Die diesjährigen FAN-Fellows widerspiegeln die thematische Vielfalt und wissenschaftliche Exzellenz der Forschung an der UZH: Ihre Projekte reichen von neuartigen Therapieansätzen für Schlaganfall- und Krebspatient:innen über eine Citizen-Science-Initiative zum Vogelschutz bis hin zur rechtlichen Analyse globaler Klimapolitik und ethischer Unternehmensführung.
Die FAN-Fellows 2025
-
Dr. Candela Diaz Canestro erforscht die Wirkung eines β3-adrenergen Rezeptor-Agonisten auf die Prävention und Behandlung des akuten ischämischen Schlaganfalls.
-
Dr. André Ferreira entwickelt mit dem Citizen-Science-Projekt MyFlock ein KI-gestütztes Vogelfutterhaus zur Überwachung einheimischer Vogelpopulationen.
-
Dr. Viktoriya Gurash befasst sich mit der Fragmentierung der internationalen Klimaregulierung und deren Schnittstellen zum Menschenrechtsschutz.
-
Dr. Lisa-Katrin Kaufmann untersucht, wie Fasten die neuronale Stressverarbeitung beeinflusst.
-
Dr. Jenny Christine Kienzler erforscht das Potenzial von Makrophagen zur Bekämpfung der Immunsuppression bei bösartigen Hirntumoren.
-
Dr. Baiba Renerte entwickelt neue Methoden zur Messung und Förderung ethischer Unternehmenskultur.
-
Dr. Peter Rupprecht analysiert Kalzium-Signale in Astrozyten mit modernster 3D-Mikroskopie.
-
Dr. James Southwell beschreitet neue Wege zur Einkapselung von Radionukliden für die Krebstherapie mithilfe supramolekularer Chemie.
-
Dr. Michelle Yancoskie arbeitet an der Entschlüsselung der 3D-Genomarchitektur bei resistenten Krebszellen, um die Wirksamkeit der Chemotherapie zu verbessern.

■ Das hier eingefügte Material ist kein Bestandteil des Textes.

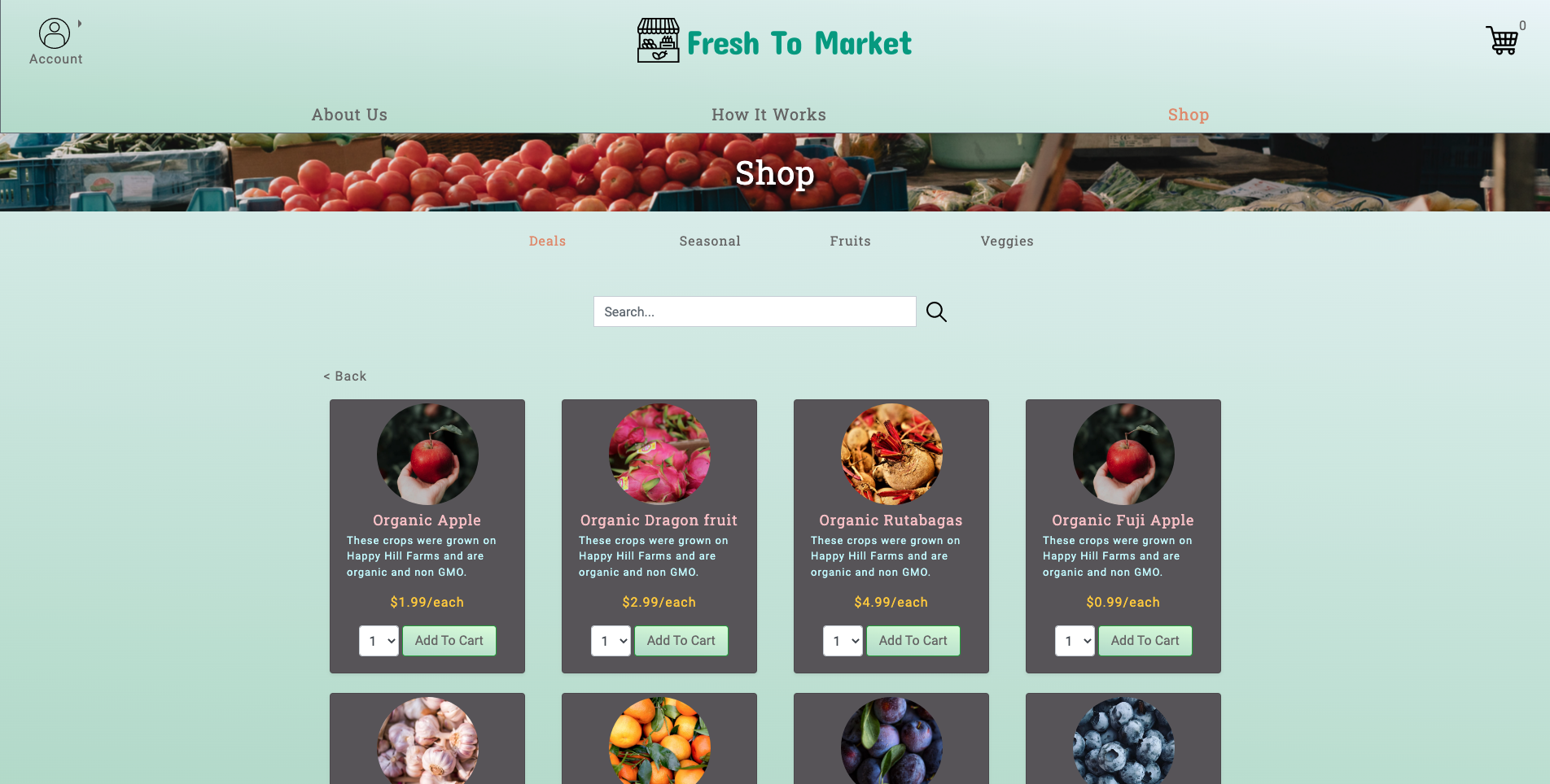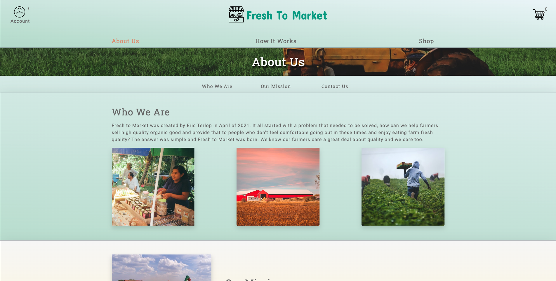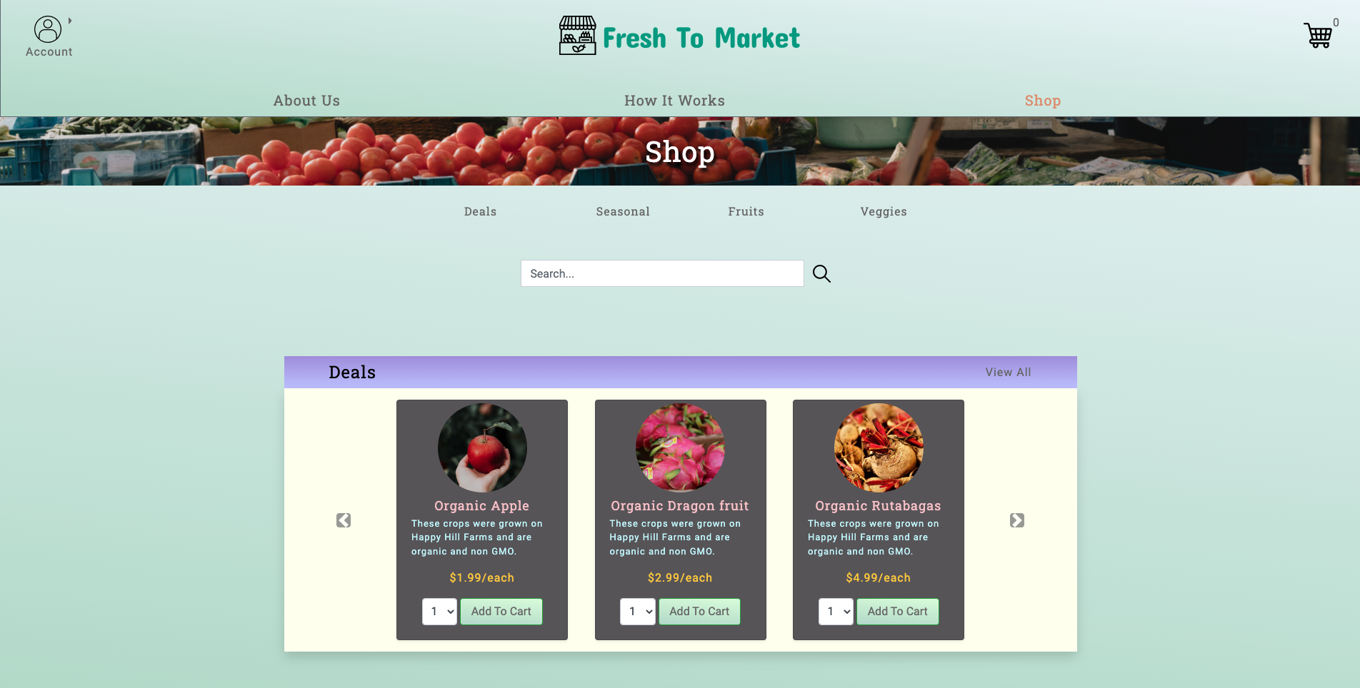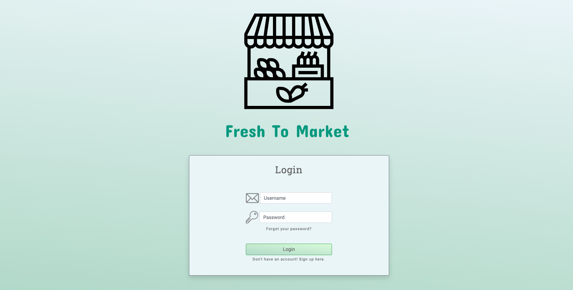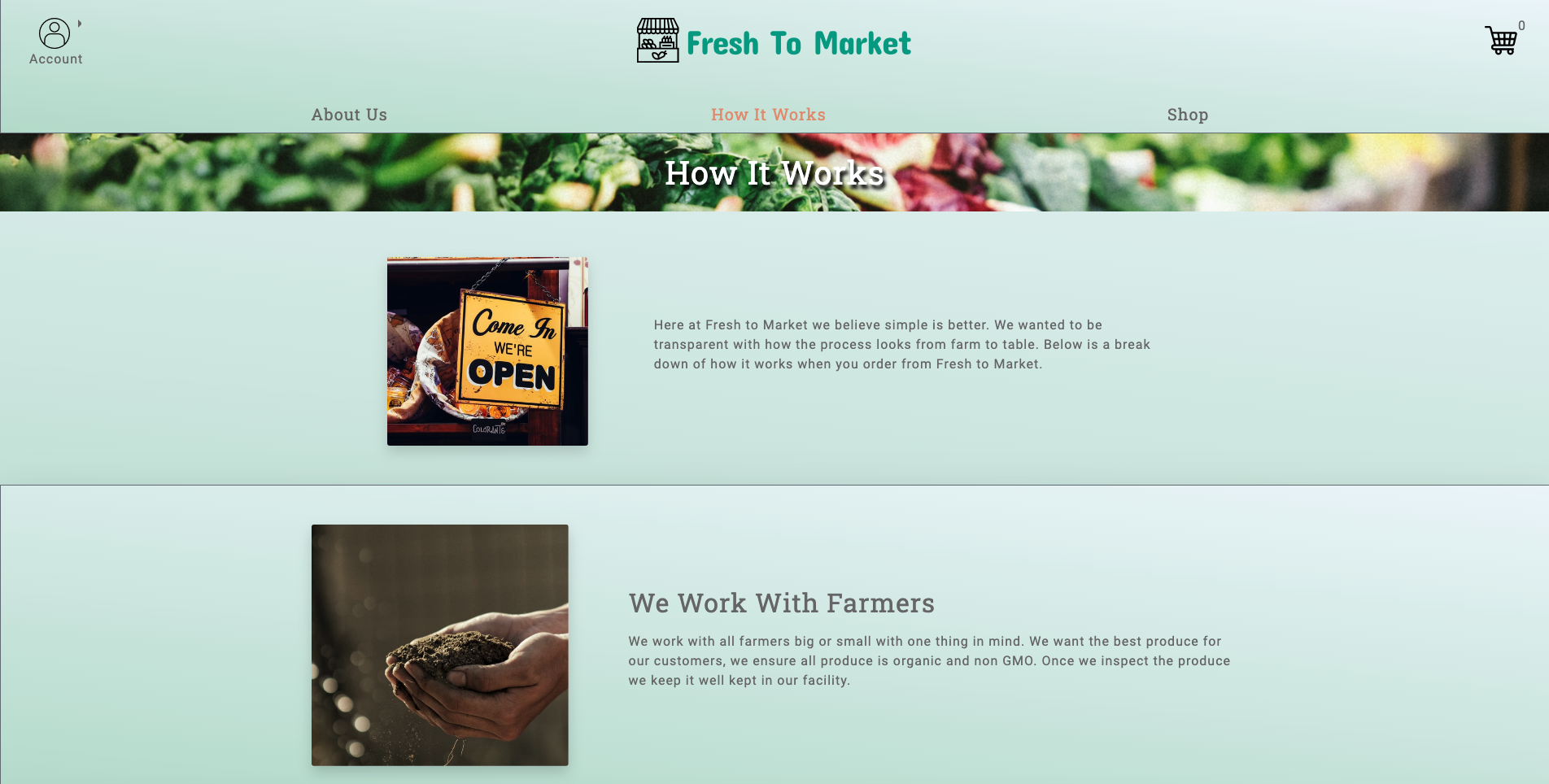 Fresh to Market is a project inspired by the concept of selling fresh produce to people in need. The primary function of this project is to utilize bootstrap to make a responsive website that can function and look good on all different screen sizes. The project features an option to search for select items, a way for a user to log in, sign up, and even an option to add items to your cart and clear your cart.

«Die Förderung junger, talentierter Forschender ist eine Investition in die Zukunft unserer Gesellschaft und der Universität Zürich als herausragende akademische Bildungsstätte», betont FAN-Präsident Dr. Balz Hösly. «Mit dem FAN schaffen wir Raum für mutige Ideen, exzellente Forschung und sichere Perspektiven für eine akademische Laufbahn – getragen von der Verbundenheit unserer Alumni und Alumnae mit ihrer Universität und von unseren Stiftungspartnern.»
Ausgezeichnete Exzellenz
Zusätzlich zu den Fellowships wurden bereits im Februar drei FAN Awards in Zusammenarbeit mit dem Graduate Campus im Rahmen der «Sparkling Research»-Gala verliehen. Insgesamt ergibt sich damit für das Jahr 2025 eine Fördersumme von CHF 706'000 zugunsten des akademischen Nachwuchses der UZH.
Der FAN und UZH Alumni wünschen allen geförderten Wissenschaftler:innen viel Erfolg bei ihrer Forschung!
Über den FAN
Mit dem Fonds zur Förderung des akademischen Nachwuchses (FAN) unterstützt UZH Alumni mit privaten Fördermitteln hervorragende junge Forscherinnen und Forscher in ihrer akademischen Laufbahn. Dabei setzt UZH Alumni auf Nachwuchstalente aller Fakultäten und hilft so der Universität Zürich mit ihrer grossen Vielfalt an Studienfächern, auch in Zukunft neue Erkenntnisse und Fortschritte in einem breit angelegten Rahmen zu ermöglichen. Seit seiner Gründung 1998 hat der FAN über CHF 14 Millionen an mehr als 200 Nachwuchsforschende vergeben.
Finanziert wird der FAN durch Spenden, Gönnerbeiträge und Legate – insbesondere von UZH-Alumni – sowie durch Stiftungen.
Der FAN ist von der Erbschaft- und Schenkungssteuer befreit. Zuwendungen können steuerlich in Abzug gebracht werden.
Wir danken Ihnen herzlich für Ihre Unterstützung!
Kontakt
Text: Anna-Julia Lingg, UZH Alumni
Titelbild: Dr. Candela Diaz Canestro, Dr. André Ferreira, Dr. Viktoriya Gurash, Dr. Lisa-Katrin Kaufmann, Dr. Jenny Christine Kienzler, Dr. Baiba Renerte, Dr. Peter Rupprecht, Dr. James Southwell, Dr. Michelle Yancoskie (von oben links nach unten rechts)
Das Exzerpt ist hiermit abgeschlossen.